- Exercise aim -
Find the number of lines in these records where the word "Disney" appears. Reply with that number and nothing more.

Saved data entries

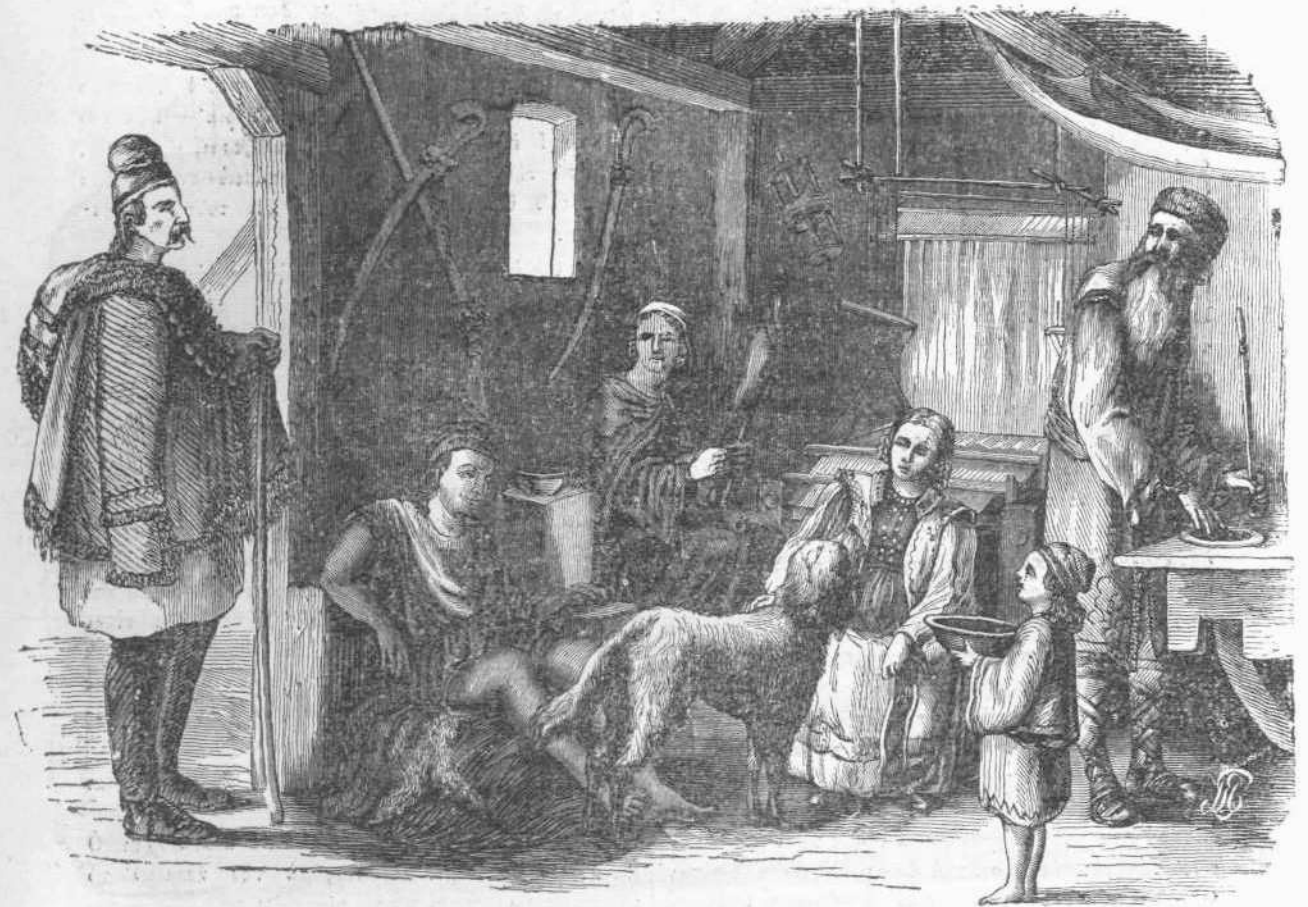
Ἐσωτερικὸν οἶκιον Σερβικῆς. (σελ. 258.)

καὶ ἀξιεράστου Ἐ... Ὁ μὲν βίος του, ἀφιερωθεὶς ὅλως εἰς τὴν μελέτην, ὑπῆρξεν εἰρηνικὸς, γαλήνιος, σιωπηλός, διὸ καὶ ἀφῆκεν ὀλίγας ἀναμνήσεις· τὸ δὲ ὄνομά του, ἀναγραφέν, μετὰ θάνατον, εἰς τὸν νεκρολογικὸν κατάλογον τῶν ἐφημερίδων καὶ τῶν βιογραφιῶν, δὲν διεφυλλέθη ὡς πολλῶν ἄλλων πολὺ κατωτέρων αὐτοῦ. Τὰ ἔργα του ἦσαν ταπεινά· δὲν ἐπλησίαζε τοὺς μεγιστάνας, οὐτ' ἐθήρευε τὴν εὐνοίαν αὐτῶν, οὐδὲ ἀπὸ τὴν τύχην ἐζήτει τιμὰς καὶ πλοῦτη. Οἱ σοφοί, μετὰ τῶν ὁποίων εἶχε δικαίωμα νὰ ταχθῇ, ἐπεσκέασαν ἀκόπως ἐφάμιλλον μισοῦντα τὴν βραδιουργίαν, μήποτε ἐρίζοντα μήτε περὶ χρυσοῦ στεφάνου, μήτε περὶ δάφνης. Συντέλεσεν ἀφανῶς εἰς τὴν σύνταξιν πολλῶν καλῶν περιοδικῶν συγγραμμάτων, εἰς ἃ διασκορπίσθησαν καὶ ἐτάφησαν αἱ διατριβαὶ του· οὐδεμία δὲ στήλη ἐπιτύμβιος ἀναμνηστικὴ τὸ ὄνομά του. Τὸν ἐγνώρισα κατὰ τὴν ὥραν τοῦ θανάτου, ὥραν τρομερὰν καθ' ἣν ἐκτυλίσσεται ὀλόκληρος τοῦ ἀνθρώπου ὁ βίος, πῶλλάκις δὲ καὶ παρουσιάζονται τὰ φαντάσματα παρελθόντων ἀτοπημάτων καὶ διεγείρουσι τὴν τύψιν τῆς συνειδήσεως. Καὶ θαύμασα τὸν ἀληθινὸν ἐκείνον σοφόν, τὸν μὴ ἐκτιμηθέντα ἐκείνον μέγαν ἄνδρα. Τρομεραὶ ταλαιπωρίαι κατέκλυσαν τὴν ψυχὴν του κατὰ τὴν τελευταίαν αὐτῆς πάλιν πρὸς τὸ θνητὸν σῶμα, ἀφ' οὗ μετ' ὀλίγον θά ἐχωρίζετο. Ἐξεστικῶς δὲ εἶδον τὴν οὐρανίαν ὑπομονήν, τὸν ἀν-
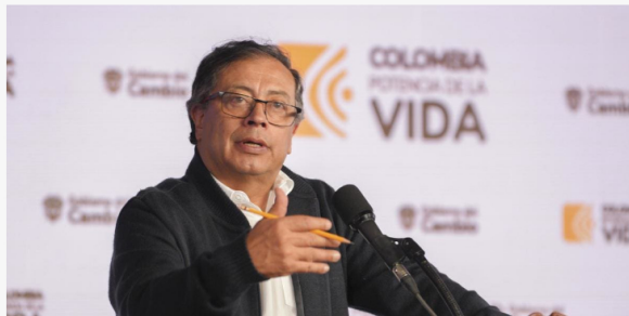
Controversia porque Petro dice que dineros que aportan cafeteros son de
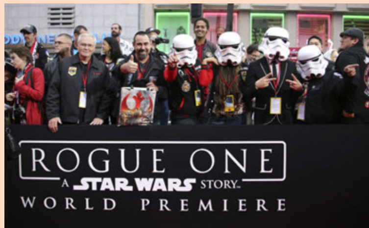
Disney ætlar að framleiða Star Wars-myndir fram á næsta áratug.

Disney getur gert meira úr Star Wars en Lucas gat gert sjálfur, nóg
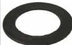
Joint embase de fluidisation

- Output of the exercise -
2